Patent records from different countries vary significantly. Countries have their own numbering systems, status codes and classifications. Some provide only metadata but others include the full text of the patent. Some patents include PDF renditions and images of patent illustrations.
Patents have been around for a long time (the first was released in the United States in 1790), so their format and available metadata has evolved. Classification codes are constantly being revised and individual patents may (or may not) be updated to reflect these changes. New patents are issued daily, as are changes to existing patents and metadata (classification changes, changes in ownership etc.). These must be processed in a timely manner to keep the search experience relevant to the user community.
In such a challenging environment, with such a large database of documents, a well defined and controlled methodology is needed to bring order and reliability to the process. DPMS enables the majority of the documents to be ingested in an automated way, but documents not meeting a minimum quality standard are quarantined for later reprocessing. This approach enables the database to be iteratively refined in a predictable fashion to achieve the highest quality of search results.
Tests comparing this search-based application with competitive patent research products show that it provides significantly improved user satisfaction.

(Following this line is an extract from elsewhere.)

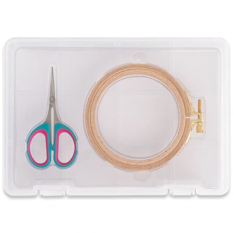 Un set complet cu accesorii funcționale și practice pentru cei curioși să invețe un hobby nou - trusa Prym Love pentru incepători vine echipată cu toate ustensilele necesare pentru a vă apuca de brodat. Cutia incăpătoare și practică, cu 2 secțiuni, conține un set de ace pentru brodat intrun penar special cu magnet, o cariocă aqua-trick pentru a vă desena modelele (marcajul se spală ușor cu apă), un dispozitiv de infirat pentru a vă incărca ușor ața in ac, foarfecă profesională de broderie, un gherghef din lemn de mesteacăn cu diametru de 10 cm, o mică perniță pentru ace, in formă de roșie, și un card pentru organizarea culorilor de ațe din colecția Dvs. Trusa conține și un mic pliant cu instrucțiuni pentru cele mai des folosite puncte de broderie, astfel incât chiar și incepătorii fără experiență să se poată descurca cu un prim proiect.

Example Use Case: TV Listings
Creating a searchable database of television listings involves merging data from a wide variety of sources, including standard listings from the “TV Guide”, IMDB movie listings, social network ratings, video on demand listings and others. This fusion process is complicated by the need to group listings; for example, grouping all showings of the same episode, all episodes of the same TV series, or all movies from the same franchise, so they can be browsed together and searched as required, as a single item.
DPMS is uniquely qualified to handle these data merging and enrichment tasks. Records can be grouped according to relevancy ranked matches using standard search engine techniques. Media can be rated using a combination of social ratings and other factors such as box office receipts and Neilson metrics. These ratings can be incorporated into search results to provide users with the highest rated media for any type of search, be it a person search, a program search, or a genre search.
Finally, this search application is primarily used by consumers pressing buttons on their TV remote control devices. So millisecond response times are an important part of the end-user experience.
Example Use Case: Government Laws
Many governments, at all levels, have what is known as "The Code" – a written description of all of the laws which govern the jurisdiction. Although this can be considered to be a single "document", it is usually published as many volumes, each of which may contain numerous titles, sub-titles, chapters, sub-chapters, parts, sub-parts, sections, and sub-sections.
Clearly, searching entire volumes as single logical entities will produce poor results, since each volume may be thousands of pages long and cover a wide variety of topics. Furthermore, the nested structure of large documents can be enormously complex and is typically hierarchical. Visibility into this structure is important to the user community. Finally, since these documents are created over long periods of time (hundreds of years in the case of the United States Government) and by multiple agencies within the Government, formats can vary dramatically.
With DPMS, highly productive searching over such collections can be accomplished through a well defined and predictable process. Volumes are split as necessary into smaller sections for better searching. The hierarchy of the document is preserved along with metadata at every level. Everything is entered into the search engine which can then serve up individual laws or sections as easily as entire chapters, sub-chapters, titles, etc.
Such a flexible environment provides great search productivity across the user spectrum, from casual browsers to professional researchers.